[Opening Material provided section]

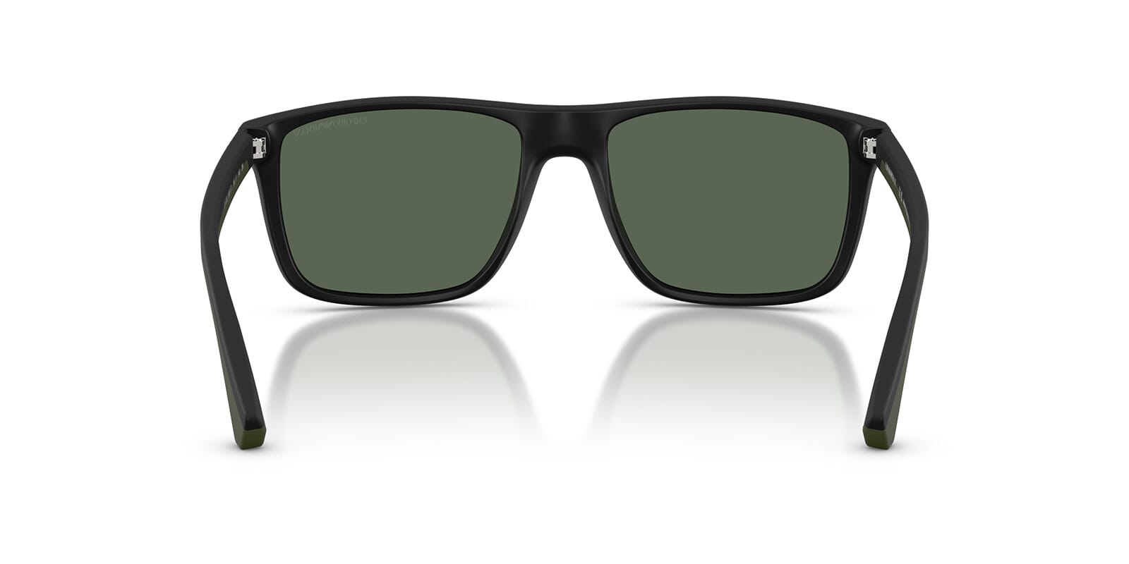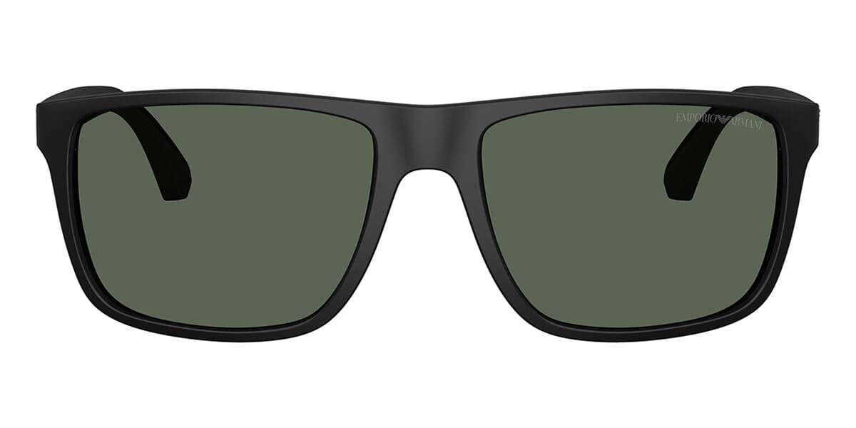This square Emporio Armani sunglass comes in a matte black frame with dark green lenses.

[Closing Material provided section]
[Opening Material provided section]

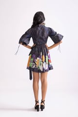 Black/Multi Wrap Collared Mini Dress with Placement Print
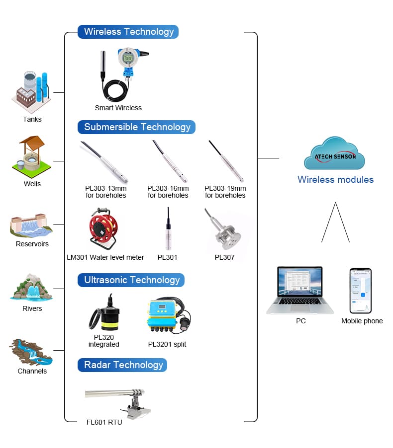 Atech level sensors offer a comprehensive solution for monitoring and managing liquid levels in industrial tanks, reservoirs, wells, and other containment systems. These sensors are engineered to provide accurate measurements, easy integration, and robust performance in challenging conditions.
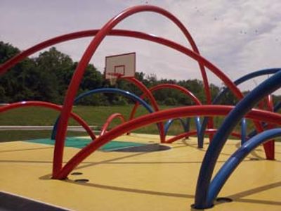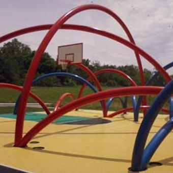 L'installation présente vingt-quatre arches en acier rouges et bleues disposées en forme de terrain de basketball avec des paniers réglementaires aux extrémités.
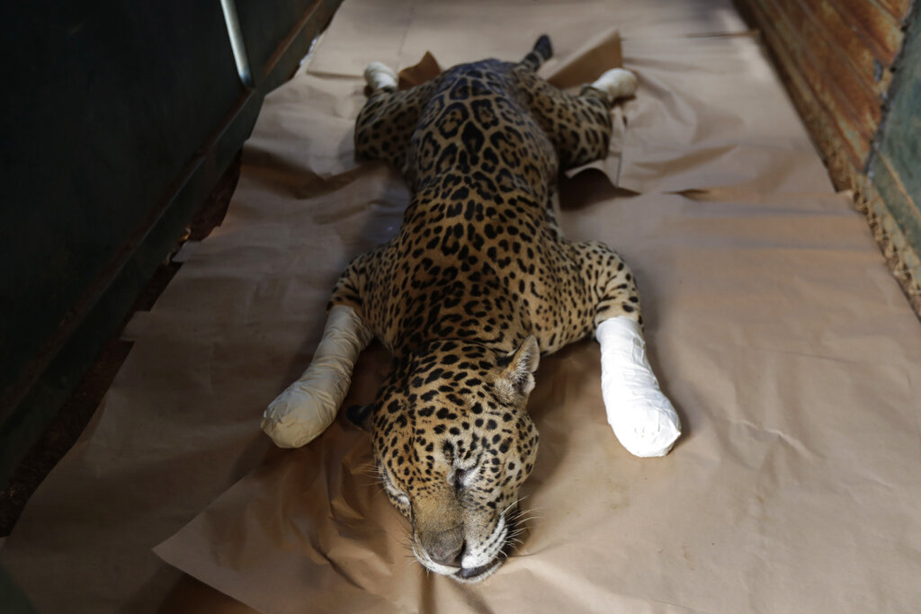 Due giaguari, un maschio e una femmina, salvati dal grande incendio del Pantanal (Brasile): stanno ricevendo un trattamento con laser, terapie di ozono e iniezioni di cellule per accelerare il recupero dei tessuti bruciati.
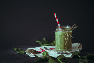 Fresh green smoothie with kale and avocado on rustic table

[Closing Material provided section]
[Opening Material provided section]

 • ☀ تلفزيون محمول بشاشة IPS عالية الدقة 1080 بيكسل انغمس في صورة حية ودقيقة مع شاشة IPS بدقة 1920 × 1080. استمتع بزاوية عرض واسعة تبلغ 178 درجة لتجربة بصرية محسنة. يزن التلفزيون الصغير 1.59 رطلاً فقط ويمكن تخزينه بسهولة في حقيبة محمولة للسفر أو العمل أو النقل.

[Closing Material provided section]

Within the listing above, print exactly the stretch beginning at the line that contains "Black/Multi Wrap Collared" and finishing at the line that contains "Fresh green smoothie", ends kept, pictures left out, and nothing more.

 Black/Multi Wrap Collared Mini Dress with Placement Print
 Atech level sensors offer a comprehensive solution for monitoring and managing liquid levels in industrial tanks, reservoirs, wells, and other containment systems. These sensors are engineered to provide accurate measurements, easy integration, and robust performance in challenging conditions.
 L'installation présente vingt-quatre arches en acier rouges et bleues disposées en forme de terrain de basketball avec des paniers réglementaires aux extrémités.
 Due giaguari, un maschio e una femmina, salvati dal grande incendio del Pantanal (Brasile): stanno ricevendo un trattamento con laser, terapie di ozono e iniezioni di cellule per accelerare il recupero dei tessuti bruciati.
 Fresh green smoothie with kale and avocado on rustic table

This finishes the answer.